We now know that the Chinese People’s Liberation Army (PLA) mounted a large operation starting early this year to shift the Line of Actual Control (LAC) between India and China in eastern Ladakh, across a front spanning hundreds of kilometers. In order to do so, the PLA moved artillery and armor, along with divisions worth of troops, into forward positions as a deterrent.
This led to the largest standoff between the Indian and Chinese armies in more than half a century. On the night of June 15, the two armies at one of the locations where the PLA had intruded, in the Galwan Valley, got into a major melee that left at least 20 Indian soldiers dead. As The Diplomat went to publication, the process of military disengagement had begun. It is not known, however, whether India will eventually have to live with a LAC shifted in its adversary’s favor.
The LAC is neither demarcated on the ground, nor do both countries agree on where it lies in terms of a common official map.

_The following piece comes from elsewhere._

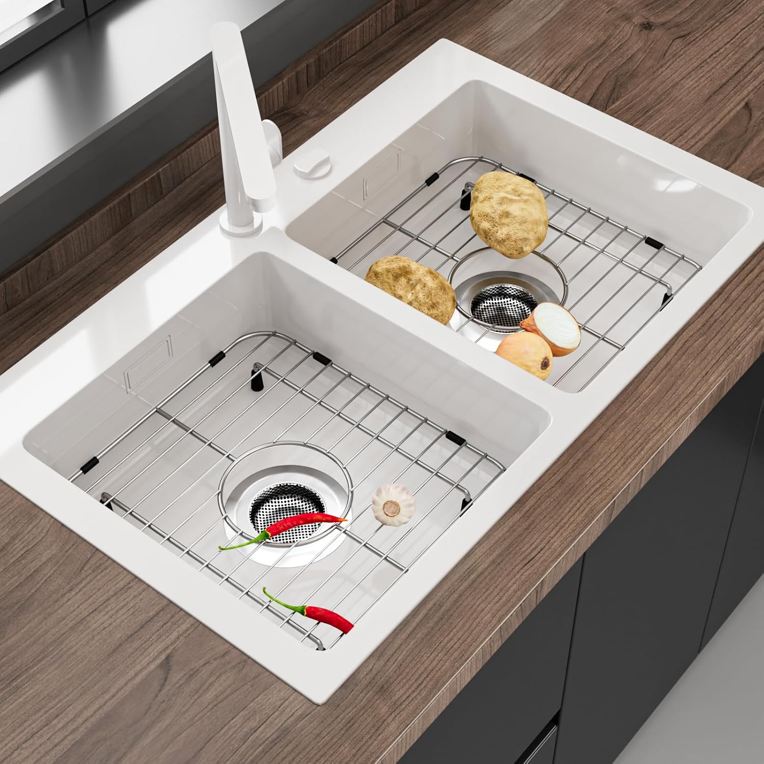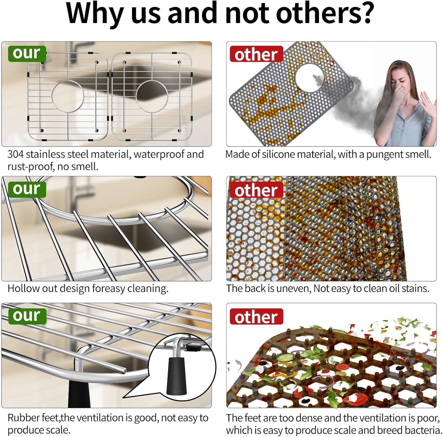 - Perfect Workmanship for Kitchen Sink Protectors: The surface of this stainless steel kitchen sink protector is polished by grinding and polishing, the surface presents a smooth finish, there will be no excess welding residue that will scratch your skin. The sink rack for bottom of sink are widely used. You can use it as a drain rack, dish draining rack, drying rack, cooling rack, defrosting rack, etc.

In many ways, it is the perfect place for China to test its incremental land-grab strategy along the lines it had first perfected in the maritime space in the South and East China Seas.
Many Indian analysts have already noted the Indian intelligence failures at the tactical and operational levels in the run up to the current crisis. On the tactical side, as a former commander of the corps responsible for the defense of eastern Ladakh notes, Indian surveillance using drones as well as foot patrols proved to be inadequate as the PLA moved across the Indian perception of the LAC. Credible news reports, meanwhile, suggest that the Chinese incursions across the LAC happened near simultaneously.
The Research & Analysis Wing (R&AW) – India’s external intelligence service, responsible for monitoring external threats to India’s borders – either failed to detect the large-scale Chinese troop movements in the PLA bases across the LAC into forward positions or ignored it altogether. There is another possibility that a former Indian national security adviser, M. K. Narayanan, pointed out: The Ladakh crisis “is indicative of a weakness in interpretation and analysis of the intelligence available, as also an inability to provide a coherent assessment of China’s real intentions.”